Re: Encryption on disk

Posted by Bruno Rassaerts <br...@novazone.be>.
Thanks for the input Jim.

We managed to reduce the encryption impact to about 25% by disabling the kafka batch compression and compressing the messages ourselves before encrypting them one-by-one. However we still believe we could improve by batch compressing + batch encrypting. 

Can you confirm that in your tests batch compression was disabled ?

Thanks,
Bruno


> On 14 Jan 2016, at 23:47, Jim Hoagland <ji...@symantec.com> wrote:
> 
> We did a proof of concept on end-to-end encryption using an approach which
> sounds similar to what you describe.  We blogged about it here:
> 
> http://www.symantec.com/connect/blogs/end-end-encryption-though-kafka-our-p
> roof-concept
> 
> You might want to review what is there to see how it differs from what you
> did.  In our tests, the encryption didn't add as much overhead as we
> thought it would.
> 
> -- Jim
> 
> -- 
> Jim Hoagland, Ph.D.
> Sr. Principal Software Engineer
> Big Data Analytics Team
> Cloud Platform Engineering
> 
> 
> 
> On 1/14/16, 2:23 PM, "Bruno Rassaerts" <br...@novazone.be> wrote:
> 
>> Hello,
>> 
>> In our project we have a very strong requirement to protect all data, all
>> the time. Even when the data is “in-rest” on disk, it needs to be
>> protected.
>> We’ve been trying to figure out how to this with Kafka, and hit some
>> obstacles.
>> 
>> One thing we’ve tried to do is to encrypt every message we hand over to
>> kafka.
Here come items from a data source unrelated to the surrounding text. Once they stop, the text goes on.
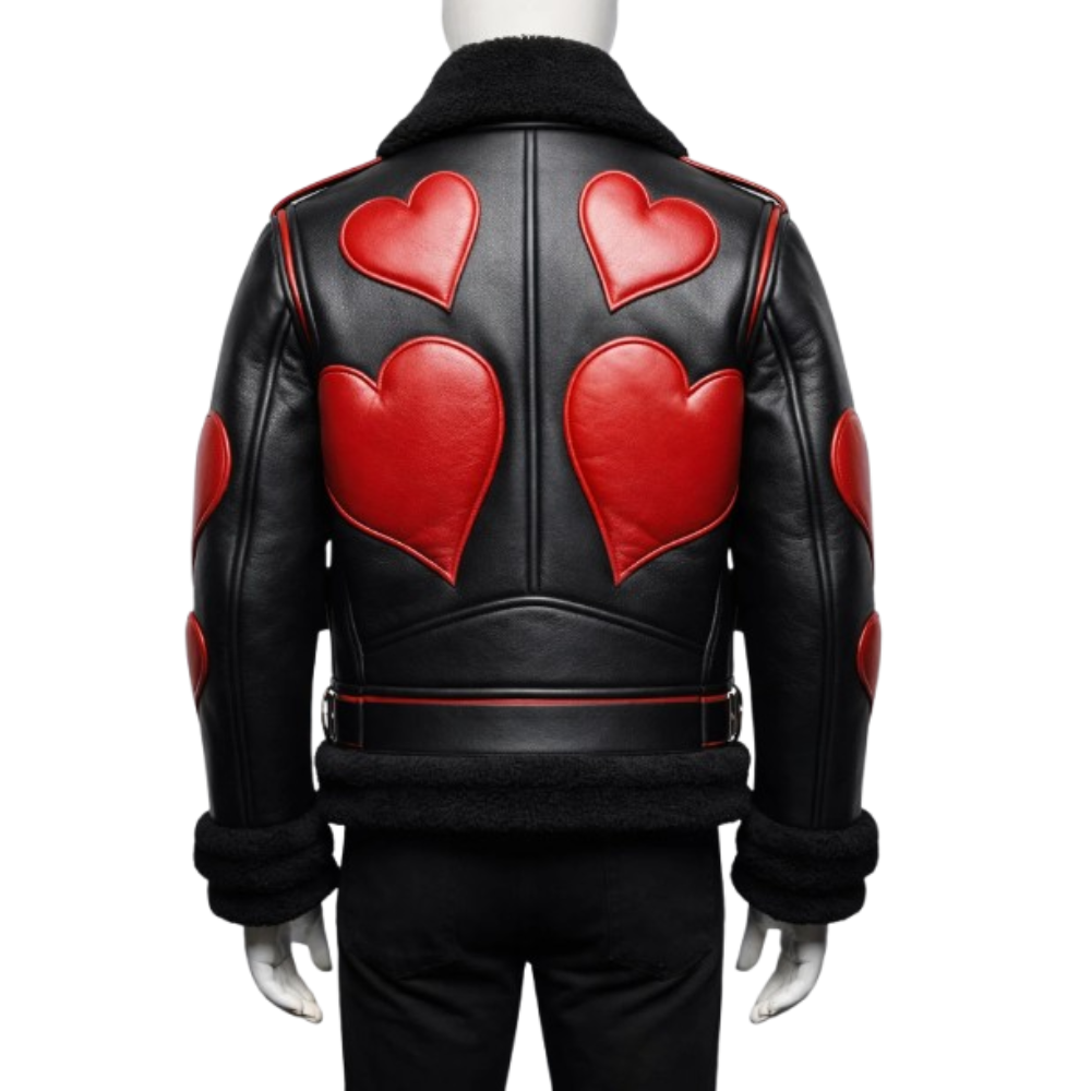 Stay warm and stylish with the Red Heart Black Leather Shearling Jacket. Crafted from premium black leather and lined with soft shearling, this jacket offers both comfort and durability.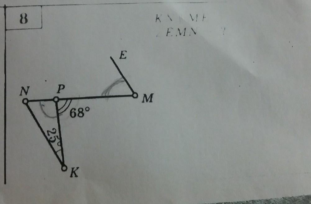 Объяснение: ∠EMN = ∠ KNP - накрест лежащие при параллельных прямых KN и EM. ∠NPK + ∠MPK = 180, т.к. смежные. ∠NPK = 180 - 68 = 112. Из Δ NKP: ∠KNP=∠EMN = 180 - 25 - 112 = 43.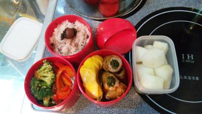 久々なので、好きなものばっかり詰め込んだった!(≧∀≦)豚バラのネギ巻き、パプリカのオイスターソース炒め、ブロッコリーのナムル風に、卵焼き!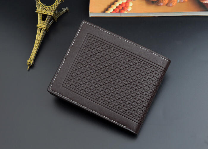 New Mens Short Wallet Multicard 3fold Crosssection Business and Leisure Embossed Retro Soft Wallet for Youth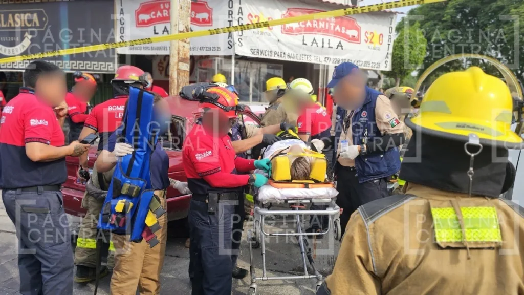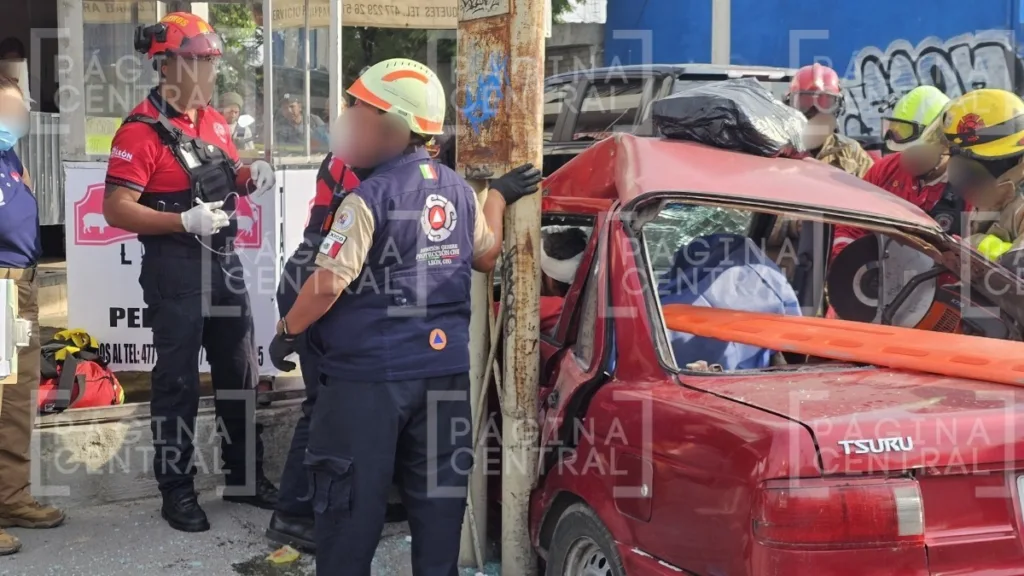 León, Guanajuato - Un aparatoso accidente en el bulevar Delta esquina con la calle Cerro del Gigante, entre un Tsuru y una camioneta de transporte de personal, dejó como saldo dos personas de aproximadamente 50 años muy graves de salud.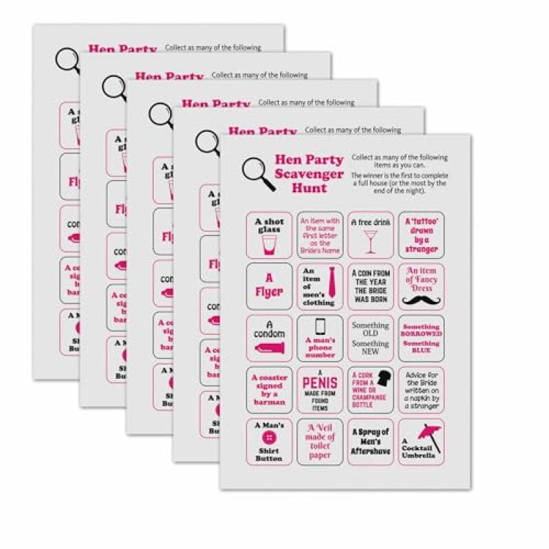 Turn your hen do into an unforgettable adventure with this delightful Hen Party Scavenger Hunt Game. Crafted to bring everyone together, this game encourages guests to mingle and have fun by searching for various items and completing entertaining challenges throughout the celebration. Each guest receives a beautifully printed game card featuring 20 unique prompts, including playful tasks like finding a piece of fancy dress.

This results in the encrypted messages being written to disk on
>> the brokers.
>> However, the performance of performing encryption has serious performance
>> implications, due to the CPU intensive operation which encryption is, and
>> the fact that batch compression offered by Kafka is not nearly as
>> efficient anymore after encrypting the data. Doing this message by
>> message encryption gives us a performance penalty of about 75%, even if
>> we compress the messages before encryption.
>> 
>> What we are looking for is a way to plugin our encryption in two possible
>> locations:
>> 
>> 1. As a custom compression algorithm, which would batch compress, and
>> batch encrypt. And get the files stored as such.
>> 2. As a encryption plugin specifically designed for storing the kafka
>> broker files.
>> 
>> Is there any way that this can be done using Kafka (0.9), or can somebody
>> point us to the place were we could add this in the Kafka codebase.
>> 
>> Thanks,
>> Bruno Rassaerts 
> 


Re: Encryption on disk

Posted by Jim Hoagland <ji...@symantec.com>.
We did a proof of concept on end-to-end encryption using an approach which
sounds similar to what you describe.  We blogged about it here:
  
http://www.symantec.com/connect/blogs/end-end-encryption-though-kafka-our-p
roof-concept

You might want to review what is there to see how it differs from what you
did.  In our tests, the encryption didn't add as much overhead as we
thought it would.

-- Jim

-- 
Jim Hoagland, Ph.D.
Sr. Principal Software Engineer
Big Data Analytics Team
Cloud Platform Engineering



On 1/14/16, 2:23 PM, "Bruno Rassaerts" <br...@novazone.be> wrote:

>Hello,
>
>In our project we have a very strong requirement to protect all data, all
>the time. Even when the data is “in-rest” on disk, it needs to be
>protected.
>We’ve been trying to figure out how to this with Kafka, and hit some
>obstacles.
>
>One thing we’ve tried to do is to encrypt every message we hand over to
>kafka. This results in the encrypted messages being written to disk on
>the brokers.
>However, the performance of performing encryption has serious performance
>implications, due to the CPU intensive operation which encryption is, and
>the fact that batch compression offered by Kafka is not nearly as
>efficient anymore after encrypting the data. Doing this message by
>message encryption gives us a performance penalty of about 75%, even if
>we compress the messages before encryption.
>
>What we are looking for is a way to plugin our encryption in two possible
>locations:
>
>1. As a custom compression algorithm, which would batch compress, and
>batch encrypt. And get the files stored as such.
>2. As a encryption plugin specifically designed for storing the kafka
>broker files.
>
>Is there any way that this can be done using Kafka (0.9), or can somebody
>point us to the place were we could add this in the Kafka codebase.
>
>Thanks,
>Bruno Rassaerts